Objectives

In this tutorial, you will learn

Exercise 2A: download data

Download education data from the U.S. Census Bureau using the link https://factfinder.census.gov/faces/nav/jsf/pages/searchresults.xhtml?refresh=. Complete the following tasks:

  1. Select Geographies; select a geographic type: County 050
  2. Select all the following states: Alabama, Kentucky, Missouri, South Carolina, Texas, West Virginia
  3. Add all counties within these states to your selection.
  4. Select Topics; People, Education, Educational Attainment
  5. Select 2010 and download data
  6. Put the downloaded files in your working directory and use read.csv to load the data in your workspace
library("tidyverse")
edu <- read.csv(???, header = T)
View(edu)

Exercise 2B: data collection

Answer the following questions for the downloaded data:

  1. Which sampling method is used in the survey data?
  2. How many interviews are used to construct the data for Alabama?
  3. What is the coverage rate for Texas, and what does this number mean?
  4. Which four primary sources of nonsampling error are addressed in constructing the data set?
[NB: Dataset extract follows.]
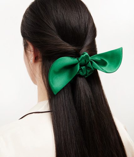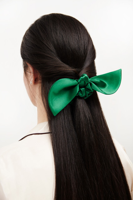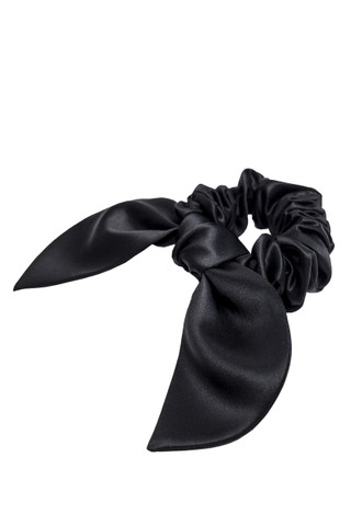 Chic and flirty bow detailed hair tie. Pure silk scrunchie holds hair up without tangling, denting, creasing or pulling at your hair, reducing breakage and split ends. Dress up your ponytail or low bun.

Exercise 2C: data collection

Provide the following metadata for the downloaded data:

  1. Topic
  2. Source
  3. Temporal coverage
  4. Geographic coverage
  5. License

Exercise 2D: data analysis

Complete the following tasks:

  1. Select the variable “Total; Estimate; Percentage bachelor’s degree or higher” and the variable with county names.
  2. Delete the row with the column descriptions
  3. Delete observations with missing values
edu_clean <- edu %>%
  select(County = GEO.display.label, PercentBachelorOrHigher = ???) %>% 
  slice(-1) %>% 
  mutate(PercentBachelorOrHigher=
           as.numeric(levels(PercentBachelorOrHigher))[PercentBachelorOrHigher]) %>% 
  drop_na()
  1. Find the county with the largest percentage of people with bachelor’s degree or higher
  2. Find the county with the smallest percentage of people with bachelor’s degree or higher
  3. Report the mean and standard deviation over all counties for Percentage bachelor’s degree or higher
  4. Why did we look at the 2010 survey instead of the most recent data?

Exercise 2E: merge data

  1. Follow the same steps as in Exercise 2A, but now replace (Education and Educational Attainment) from the topics list with (Age & Sex and Age) to download the QT-P1 2010 SF1 100% Data.
  2. Follow the same steps as in Exercise 2D, but now replace “Total; Estimate; Percentage bachelor’s degree or higher” with “Percent - Both sexes; Total population - Under 18 years”.
  3. Merge the education data with the age data.
age <- read.csv(???, header = T)
age_clean <- age %>%
  select(County = GEO.display.label, Percentunder18 = ???) %>% 
  slice(-1) %>% 
  mutate(Percentunder18=
                         as.numeric(levels(Percentunder18))[Percentunder18]) %>% 
  drop_na()
edu_age <- inner_join(???,???,???)